Now, mind you, getting to the actual water won't be easy: despite the fact that NASA believes that Europa could contain two to three times as much water as Earth's oceans, the layer of ice isn't what you'd see at Miller's Pond when you go back home this Christmas to go ice-skating and get drunk with your high school classmates who never left town. Europa is basically a giant snowball, which, according to Universe Today, is covered in a sheet of ice that be between 2 and 30 km (1.2 and 18.6 miles) thick. Consider this for a second: the Empire State Building is .23 miles tall. At its thinnest, Europa's ice is estimated to be five times that high. At its thickest, it would be roughly 1.5 times the length of Manhattan. So how would BRUIE stand a snowball's chance in Hell of getting to the center of this inhospitable frozen Tootsie Pop?


Naturally, the big brains at NASA have an idea for that: a nuclear powered tunnelbot, shown in an artist's conception below. 


(NASA)


Equipped with its own array of detectors, sensors, and communications devices, the tunnelbot would boast an "onboard 43-kWth reactor to melt a probe through 20 km of Europa ice and stop at the ocean (or lake if reached first)." BRUIE would then follow (and hopefully not lose contact...that's a lot of ice to try to transmit through) and begin its mission. The parameters of that mission will likely define themselves. "Once we get there," said Dan Berisford, an engineer working on BRUIE, in a statement to Science Alert, "we only really know how to detect life similar to that on Earth. So it's possible that very different microbes might be difficult to recognize."

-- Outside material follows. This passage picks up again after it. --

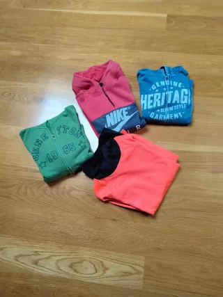 Lote de cuatro sudaderas para niño en talla 10. Incluye prendas de diferentes colores y marcas. 15 euros el lote. - Sudadera verde con texto BENETTON 1965. - Sudadera ROJA NIKE AIR con cremallera y logo Nike. - Sudadera azul con texto GENUINE HERITAGE. MAYORAL - Sudadera naranja con detalles NEGROS. ZARA
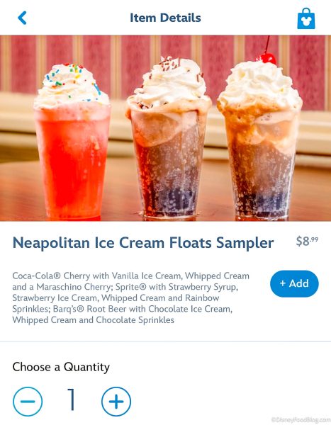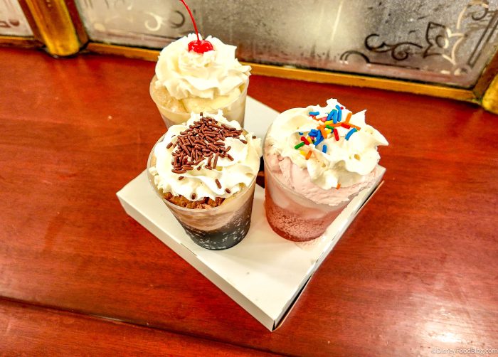 We recently made a trip to Golden Horseshoe in Disneyland Park to try out the new Neapolitan Ice Cream Floats Sampler for $8.99.

Anything that can persist on a skyless iceball with only 13 percent of Earth's gravity and no atmosphere, in the sub-freezing depths of yet-unfathomable ocean beneath the weight of 18.6 miles of ice would be an incredible discovery, changing not only how we understand habitability, but life itself. That does, of course, assume that said lifeform is not a sleeping cosmic deity whose awakening will surely spell the end of humanity's reckless questing into the ice cells in which the ancient ones have been imprisoned.